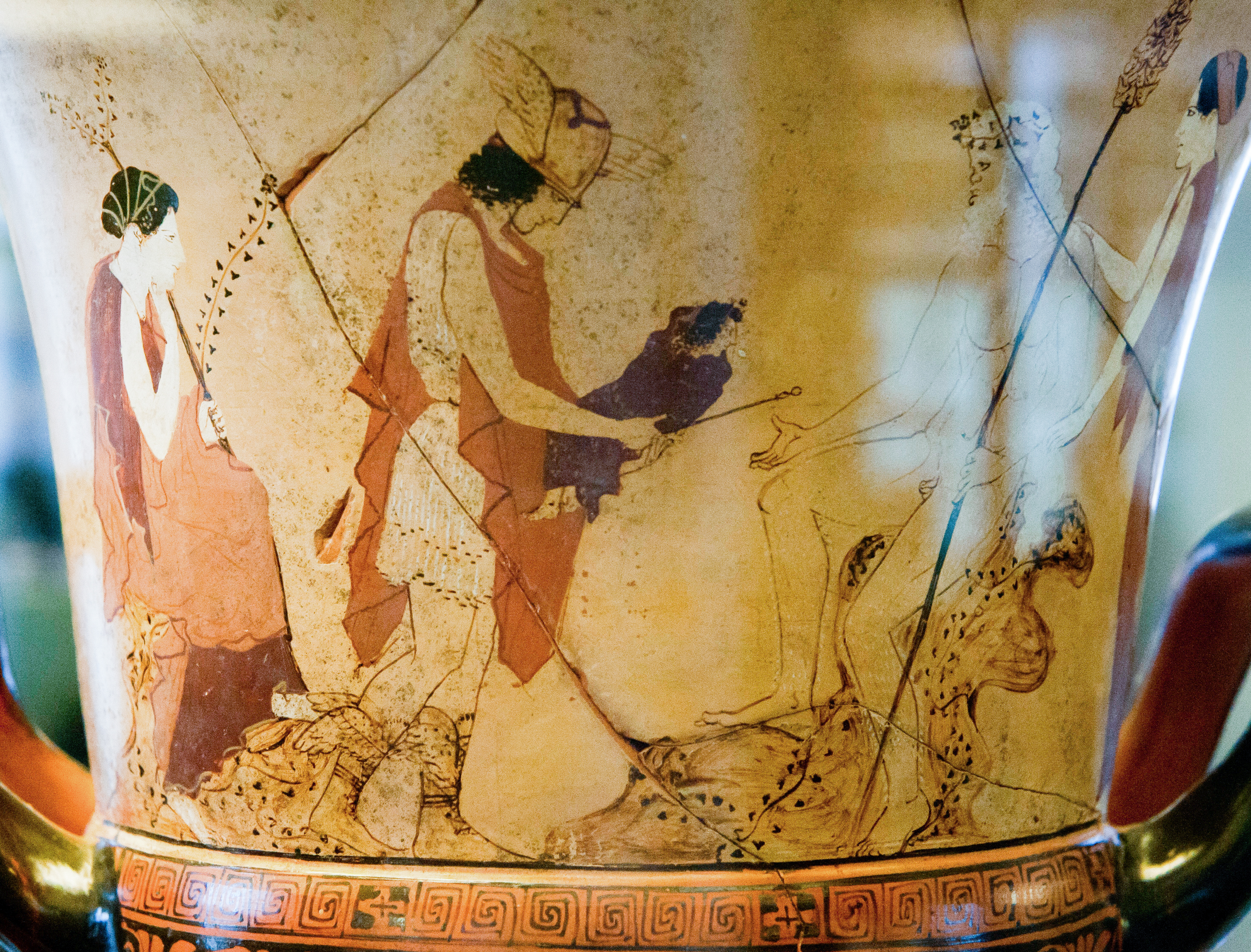 Ὁ θεὸς Ἑρμῆς ἐπιβλέπει καθὼς ὁ Ὕπνος καὶ ὁ Θάνατος μεταφέρουν τὴν σωρὸ τοῦ ἥρωος Σαρπηδῶνος εἰς τὸν Ἅδη. Ἀττικὴ ἐρυθρόμορφος κρατῆρας, περὶ τὸ 515 π.Χ. / 261 μ.Ὀ., Ρώμη.
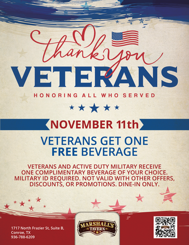 Marshall’s Tavern offers great drinks in a friendly atmosphere right in Conroe, Texas! Enjoy live music and more, exclusively for guests aged 21 and up.
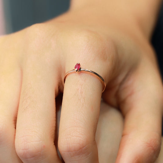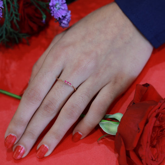 18KT GOLD PINK-RED GEM EVERYDAY RING
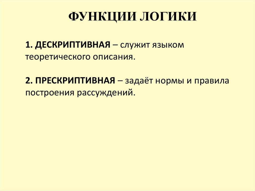 ФУНКЦИИ ЛОГИКИ1. ДЕСКРИПТИВНАЯ – служит языком
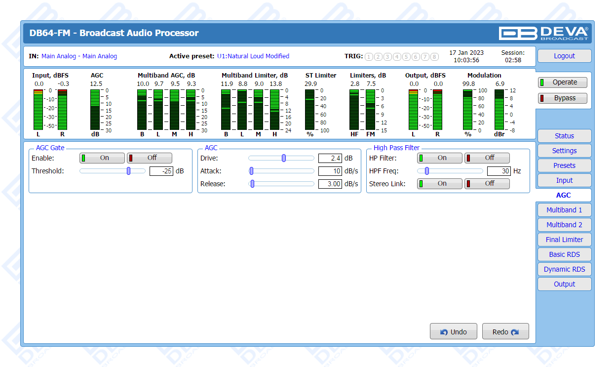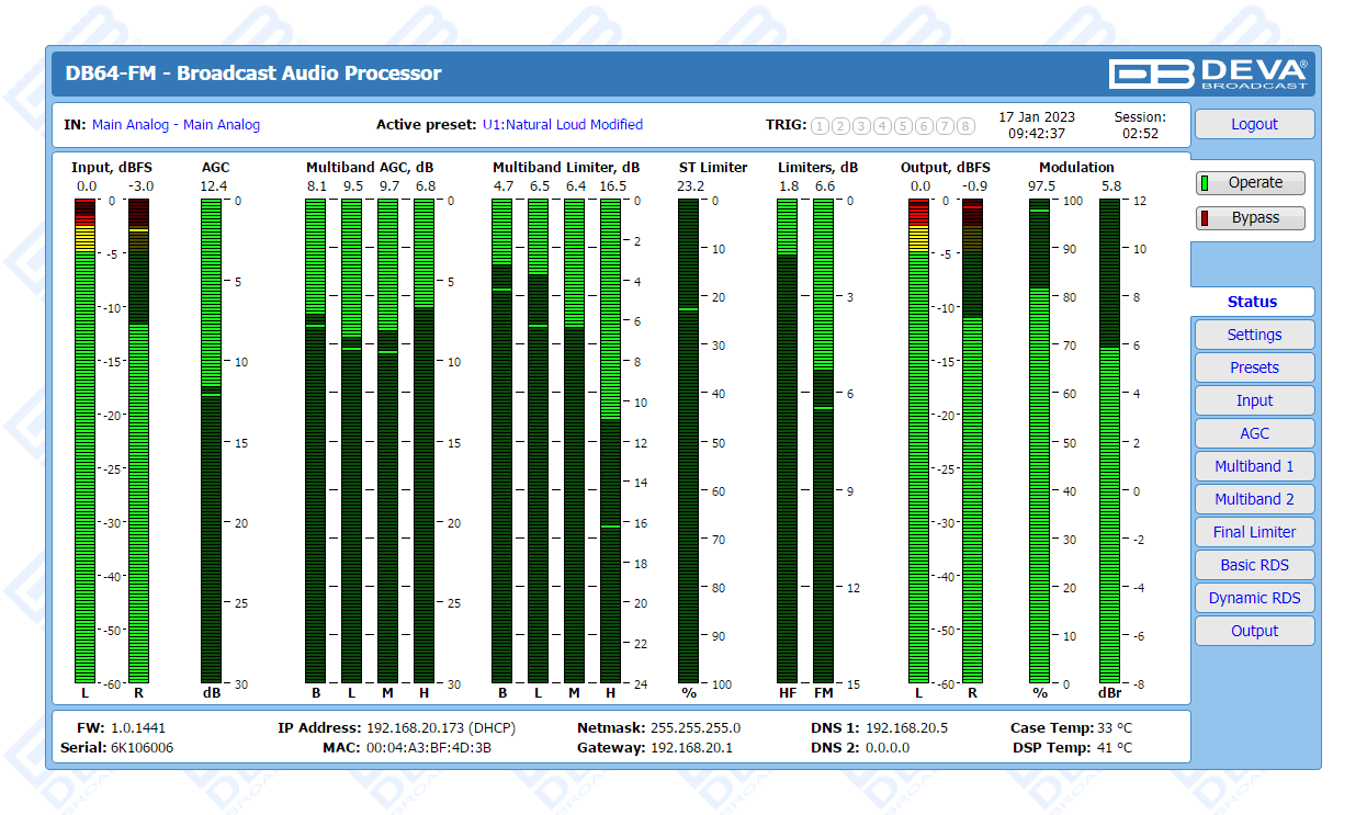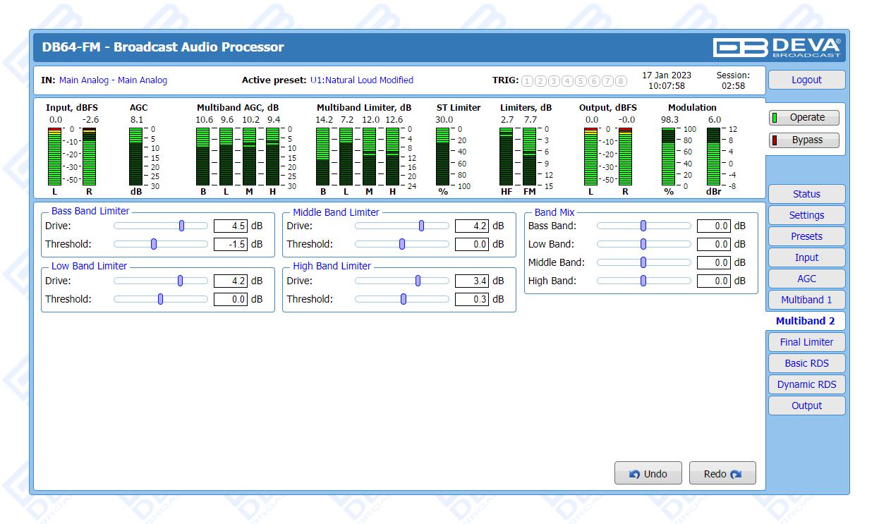 The DB64-FM is the ultimate audio processing solution offered by DEVA bringing to you unheard-of balance between quality and price. It guarantees perfect clarity of sound and a multitude of features that are unrivalled in its class. In keeping with the other members of DEVA’s audio processors family, this device is an outstanding blend between dependability and functionality. The all-digital DSP-based design, the 4-band processor and the advanced wide band AGC are just a few of the parameters that ensure its top performance.

-.-.-

Transcribe all entries above exactly. Drop the pictures.

§ Response below
 Ὁ θεὸς Ἑρμῆς ἐπιβλέπει καθὼς ὁ Ὕπνος καὶ ὁ Θάνατος μεταφέρουν τὴν σωρὸ τοῦ ἥρωος Σαρπηδῶνος εἰς τὸν Ἅδη. Ἀττικὴ ἐρυθρόμορφος κρατῆρας, περὶ τὸ 515 π.Χ. / 261 μ.Ὀ., Ρώμη.
 Marshall’s Tavern offers great drinks in a friendly atmosphere right in Conroe, Texas! Enjoy live music and more, exclusively for guests aged 21 and up.
 18KT GOLD PINK-RED GEM EVERYDAY RING
 ФУНКЦИИ ЛОГИКИ1. ДЕСКРИПТИВНАЯ – служит языком
 The DB64-FM is the ultimate audio processing solution offered by DEVA bringing to you unheard-of balance between quality and price. It guarantees perfect clarity of sound and a multitude of features that are unrivalled in its class. In keeping with the other members of DEVA’s audio processors family, this device is an outstanding blend between dependability and functionality. The all-digital DSP-based design, the 4-band processor and the advanced wide band AGC are just a few of the parameters that ensure its top performance.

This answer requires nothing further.